LLM Tool Use and Function Calling Explained

Intermediate 11 min read

What you'll learn

✓Why giving an LLM tools changes what it can do
✓How to define a tool with a JSON schema
✓The request → tool-call → response loop
✓Common patterns: search, calculators, database queries
✓The failure modes that show up in production

Prerequisites

•Comfort with calling an LLM API — see What Is an LLM?
•Basic JSON knowledge

A bare LLM can write text. That is a lot, but it is also a ceiling. It cannot check today’s stock price, run a SQL query, or send an email. Tool use — sometimes called function calling — is how you punch through that ceiling. You hand the model a menu of callable functions, and it decides when to use them.

This post explains how the mechanism actually works, the patterns that hold up in production, and the failure modes worth knowing before you ship.

Why give an LLM tools

LLMs are good at language and reasoning. They are bad at:

Exact arithmetic. Token prediction does not multiply seven-digit numbers reliably.
Fresh facts. Training data has a cutoff.
Looking things up. Document stores, databases, and APIs sit outside the model.
Side effects. Sending mail, writing rows, calling external services.

Tools let the model delegate. Instead of guessing the answer, it emits a structured call — “please run get_weather(city='Tokyo')” — and your code executes that. The output flows back into the conversation, and the model continues with real data in hand.

This is the foundation of nearly every useful “AI agent” you have seen.

What a tool actually is

A tool is three things:

A name the model can reference.
A description of what it does, in plain English.
A schema describing its arguments, usually JSON Schema.

The model never executes anything. It only emits a JSON object saying which tool to call and what arguments to pass. Your application reads that, runs the function, and feeds the result back.

A typical definition:

# A tool definition the model can see
get_weather_tool = {
    "name": "get_weather",
    "description": "Return current weather for a city. Use when the user asks about weather conditions.",
    "input_schema": {
        "type": "object",
        "properties": {
            "city": {"type": "string", "description": "City name, e.g. 'Tokyo'"},
            "units": {"type": "string", "enum": ["c", "f"], "default": "c"},
        },
        "required": ["city"],
    },
}

Two things matter here:

The description is the prompt the model actually reads to decide whether to call this tool. Treat it as prompt engineering, not API docs.
The schema constrains the JSON the model emits. Providers run a validator; bad calls are usually rejected or repaired before they reach you.

The request → tool-call → response loop

The interaction is not one round trip. It is a small loop.

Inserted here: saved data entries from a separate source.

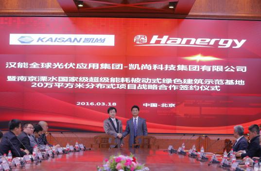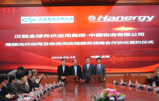 会议现场,中国物流、天津开合、张家口圣能、凯尚科技集团四家企业与汉能完成签约,即将启动以“国家级超级能耗被动式绿色建筑示范基地”为代表的一大批分布式电站项目。中国物流有限公司董事长梁伟华表示:“此次与汉能的合作是我们在新能源发展战略上的里程碑,双方将秉承互惠共赢的原则,充分发挥各自优势,共同推进‘金屋顶行动’以及分布式电站在中国物流的落地。”。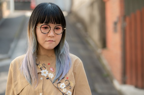 ラウンド型を上手に掛けこなすひとつの目安として、サイズ感が挙げられますが、小顔のスタッフ松本の場合でいうと、若干オーバーサイズ気味な「RF-051」ですが、今の時代感を反映させるような、ほど良いサイズ感だと思います。逆にいえば男性の皆さんには、比較的ジャストサイズで掛けていただけるサイズ感のラウンド型ということで、特に今回仕様変更した「col.129」をおススメしたいところです。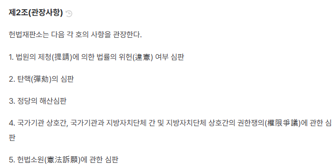 헌법재판소법 제2조에는 위헌법률심판, 탄핵심판, 정당해산심판, 권한쟁의심판, 헌법소원심판을 규정합니다. 위 다섯 가지가 헌법재판소의 핵심 역할입니다.

# Conceptual flow — every provider looks roughly like this
messages = [{"role": "user", "content": "What's the weather in Tokyo?"}]

while True:
    response = client.chat(model="some-model", messages=messages, tools=[get_weather_tool])

    if response.stop_reason == "tool_use":
        # Model asked to call a tool
        call = response.tool_call
        result = run_tool(call.name, call.arguments)  # your code

        # Feed the result back in
        messages.append({"role": "assistant", "tool_call": call})
        messages.append({"role": "tool", "name": call.name, "content": result})
        continue

    # No more tool calls — final text answer
    print(response.text)
    break

The loop ends when the model is satisfied and emits plain text. A single user question can trigger zero, one, or many tool calls in sequence. Some models will also emit several tool calls in parallel when they are independent.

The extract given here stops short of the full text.